### RECORD SET
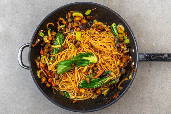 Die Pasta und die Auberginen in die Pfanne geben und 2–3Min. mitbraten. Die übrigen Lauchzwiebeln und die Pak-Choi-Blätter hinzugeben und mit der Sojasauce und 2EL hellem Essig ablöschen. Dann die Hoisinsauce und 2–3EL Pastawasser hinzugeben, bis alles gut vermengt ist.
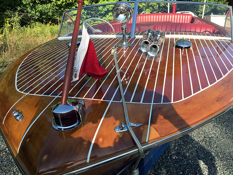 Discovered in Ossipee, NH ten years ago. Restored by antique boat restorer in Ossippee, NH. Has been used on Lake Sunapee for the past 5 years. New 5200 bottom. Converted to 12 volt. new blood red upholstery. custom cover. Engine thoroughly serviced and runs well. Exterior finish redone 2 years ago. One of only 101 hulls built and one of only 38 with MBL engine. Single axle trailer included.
...
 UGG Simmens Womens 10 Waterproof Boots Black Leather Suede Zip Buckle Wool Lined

### THE TASK
Nothing outside the stretch above, from the line with "Die Pasta und" through the line with "Discovered in Ossipee, NH", is set down. Transcribe that stretch exactly, ends included, but not its pictures.

### WRITTEN RESPONSE
 Die Pasta und die Auberginen in die Pfanne geben und 2–3Min. mitbraten. Die übrigen Lauchzwiebeln und die Pak-Choi-Blätter hinzugeben und mit der Sojasauce und 2EL hellem Essig ablöschen. Dann die Hoisinsauce und 2–3EL Pastawasser hinzugeben, bis alles gut vermengt ist.
 Discovered in Ossipee, NH ten years ago. Restored by antique boat restorer in Ossippee, NH. Has been used on Lake Sunapee for the past 5 years. New 5200 bottom. Converted to 12 volt. new blood red upholstery. custom cover. Engine thoroughly serviced and runs well. Exterior finish redone 2 years ago. One of only 101 hulls built and one of only 38 with MBL engine. Single axle trailer included.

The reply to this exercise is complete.